**Data provided**
.....
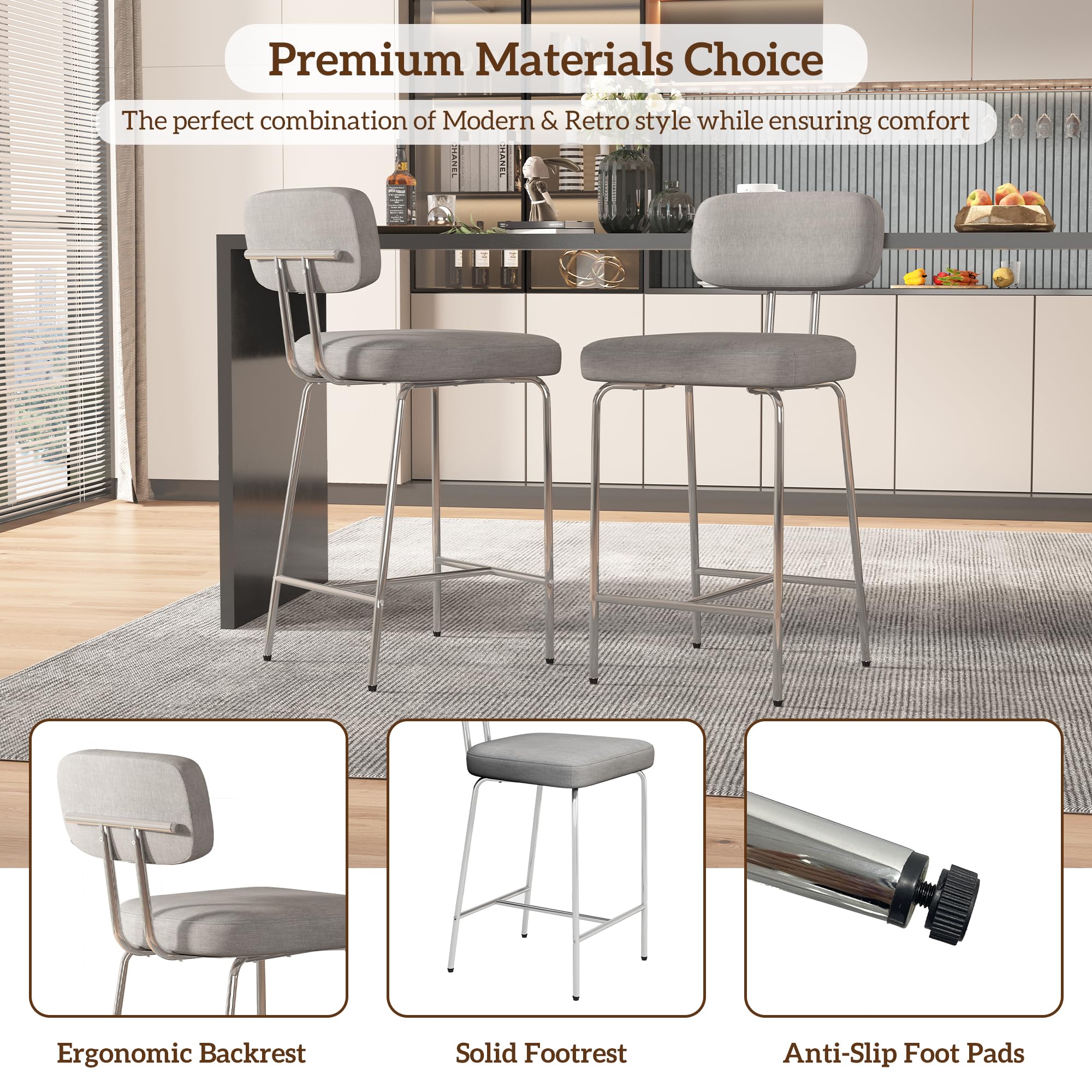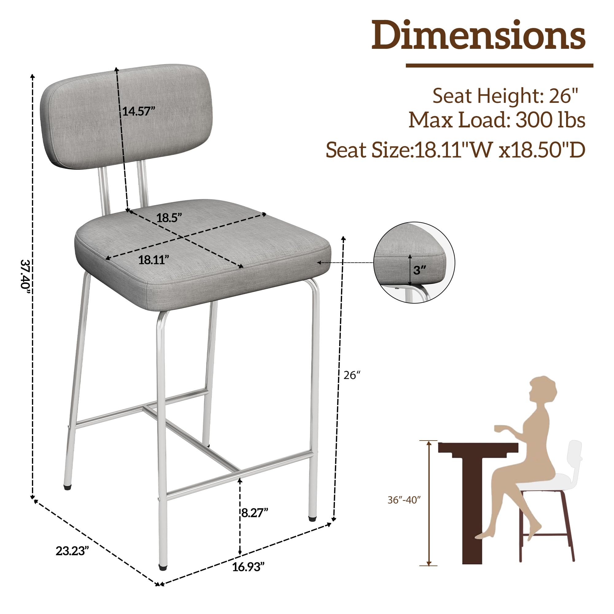 Solfway Counter Height Bar Stools Set of 2, 26″ Gray Fabric Kitchen Counter Stools with Backs, Metal Legs, Footrest and Wide Seat, Bar Chairs for Kitchen Island
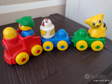 Trenino Lego con 3 personaggi composto da una locomotiva e due vagoni come da foto
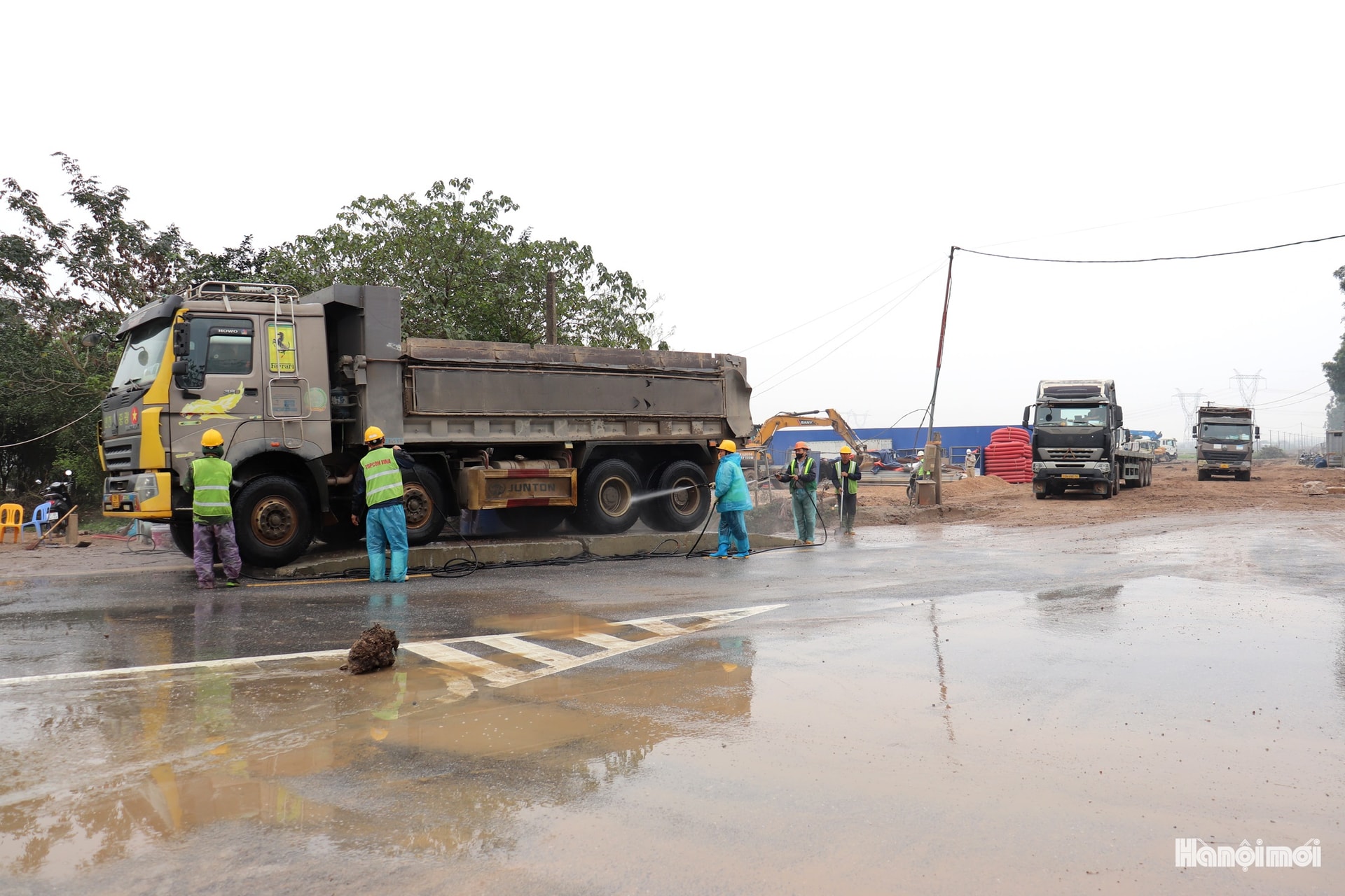 Hiện tại chưa thi công xong cầu rửa xe tự động, nên các công nhân dùng máy bơm xịt rửa xe sạch sẽ khi ra khỏi công trường. Ảnh: Tuấn Điệp
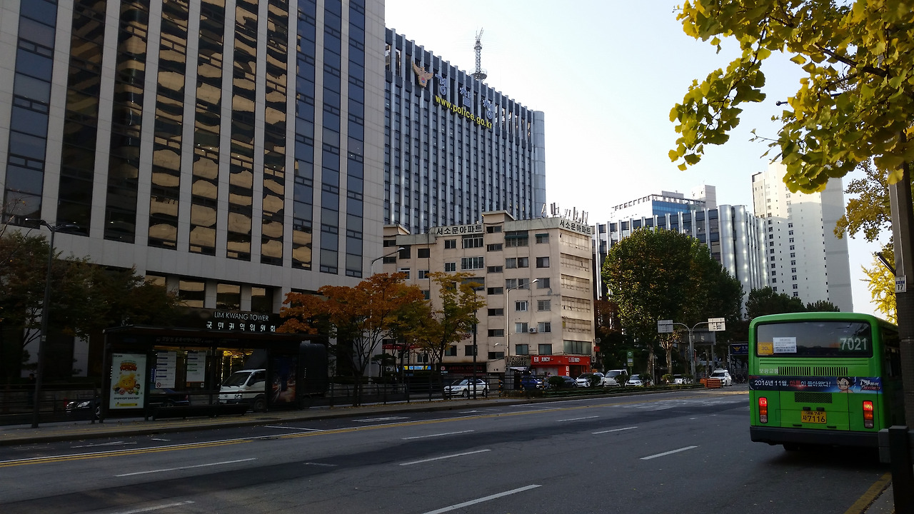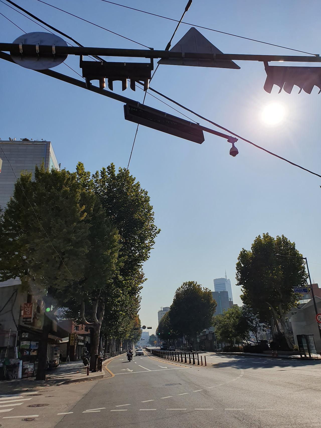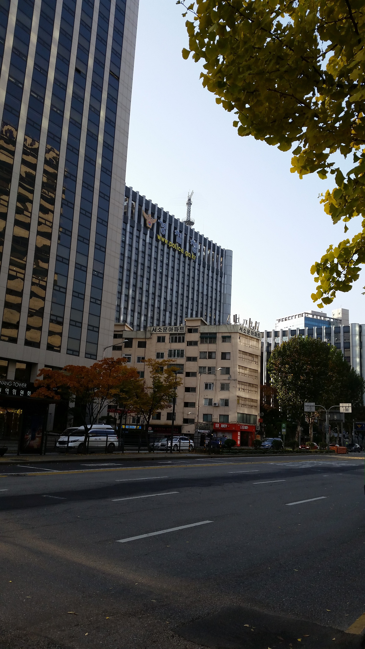 11월이면 이미 초겨울인데 나뭇잎이 아직도 녹색으로 가득하고 꽤 더웠던 날이었다. 서울의 매력 중 하나가 이렇게 녹색이 가득한 가로수가 많다는 점일 것이다. 해외 여기저기 돌아다녔지만 멋진 가로수 길의 매력에서는 서울도 결코 해외 여느 도시에 뒤지지 않는 것 같다.
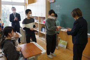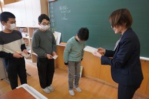 2月3日(火)書き損じハガキ回収 2026年2月3日 朝日丘っ子 6年生が中心となって集めていた書き損じハガキを、氷見ユネスコ協会から取りに来ていただきました。世界へ目を向けたこの気持ちを、これからも大切にしていってほしいと思います。
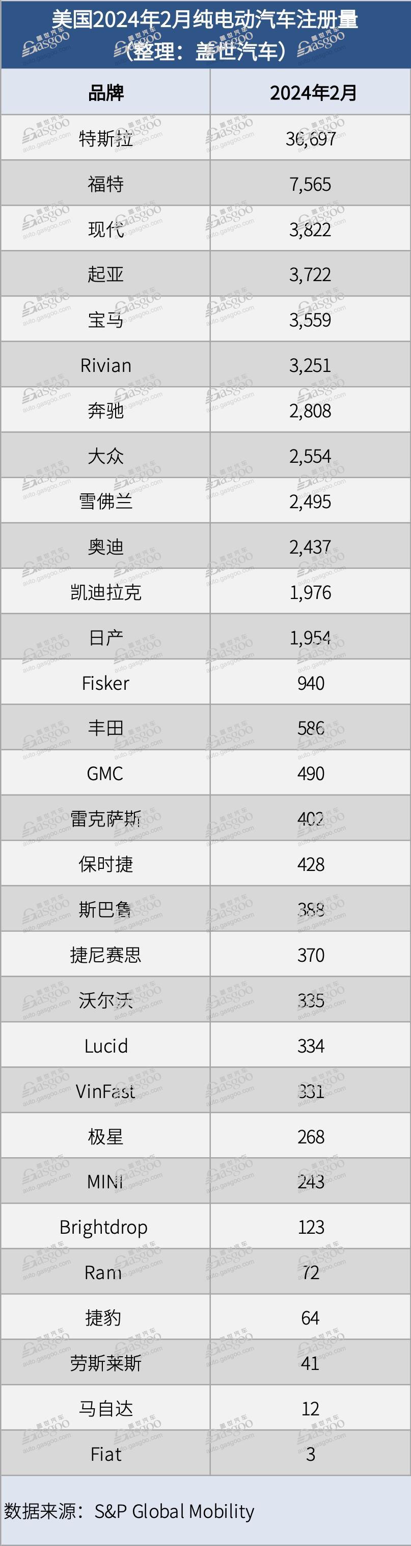 今年2月,特斯拉在美国的注册量为36,697辆,而去年同期为49,209辆;特斯拉在美国电动汽车市场的份额从2023年2月的61%降至46.8%,但注册量在美国依然是排名第一。
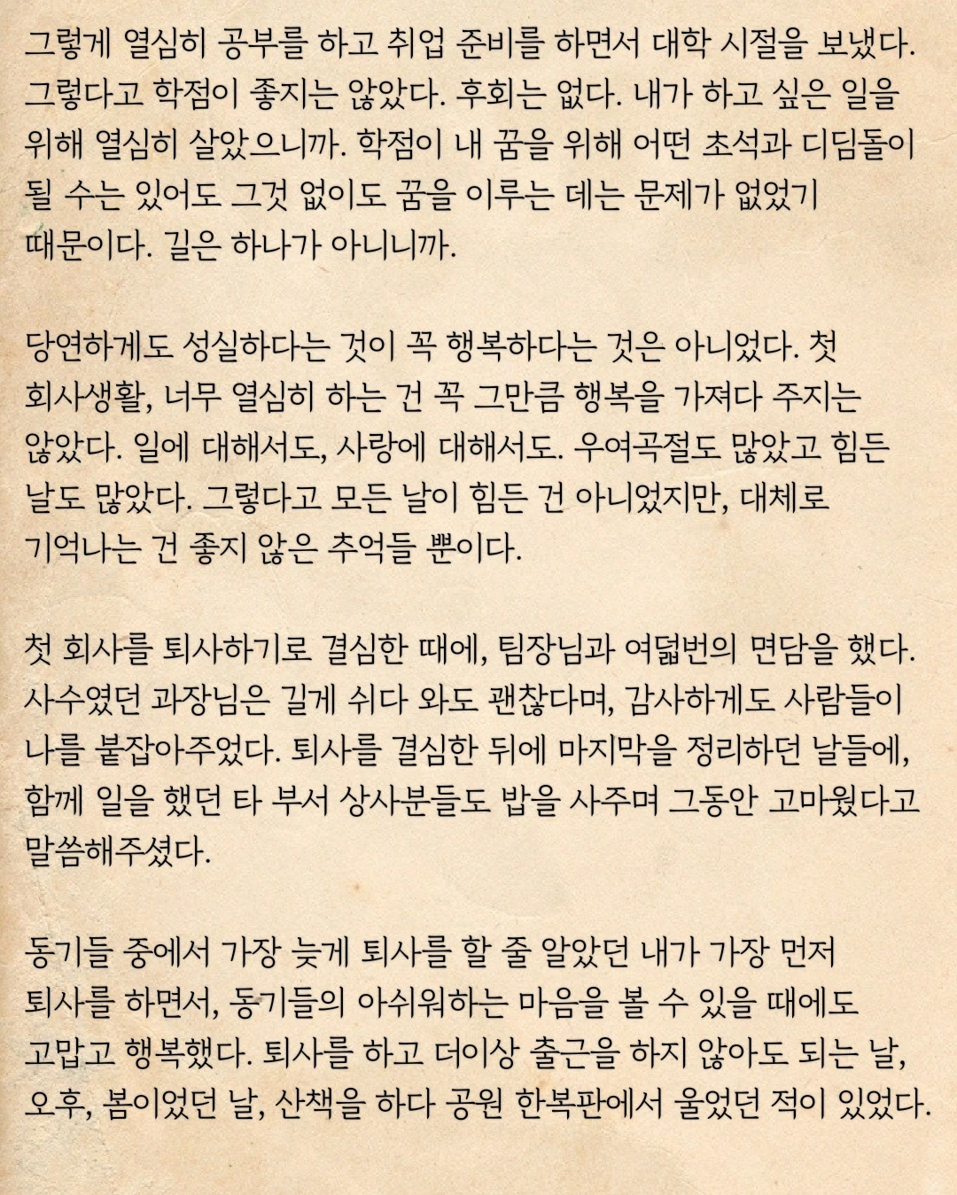 동기들 중에서 가장 늦게 퇴사를 할 줄 알았던 내가 가장 먼저 퇴사를 하면서, 동기들의 아쉬워하는 마음을 볼 수 있을 때에도 고맙고 행복했다. 퇴사를 하고 더이상 출근을 하지 않아도 되는 날, 오후, 봄이었던 날, 산책을 하다 공원 한복판에서 울었던 적이 있었다.
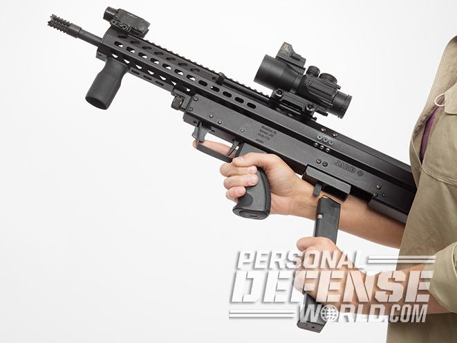 Well known for its AR-15 triggers, JARD ventured into the gun-building business a few years ago. Several AR-related designs fill the company’s catalog, but the J67 takes a detour. The J67 is a 9mm bullpup that accepts Glock magazines. This attribute makes it a notable pistol companion to the Glock-toting pistol horde among the firearms crowd.
.....
**Exercise prompt**
Retype, word for word, the line containing "동기들 중에서 가장 늦게" and each line after it through the end of the data, leaving any picture out.

**Task output**
 동기들 중에서 가장 늦게 퇴사를 할 줄 알았던 내가 가장 먼저 퇴사를 하면서, 동기들의 아쉬워하는 마음을 볼 수 있을 때에도 고맙고 행복했다. 퇴사를 하고 더이상 출근을 하지 않아도 되는 날, 오후, 봄이었던 날, 산책을 하다 공원 한복판에서 울었던 적이 있었다.
 Well known for its AR-15 triggers, JARD ventured into the gun-building business a few years ago. Several AR-related designs fill the company’s catalog, but the J67 takes a detour. The J67 is a 9mm bullpup that accepts Glock magazines. This attribute makes it a notable pistol companion to the Glock-toting pistol horde among the firearms crowd.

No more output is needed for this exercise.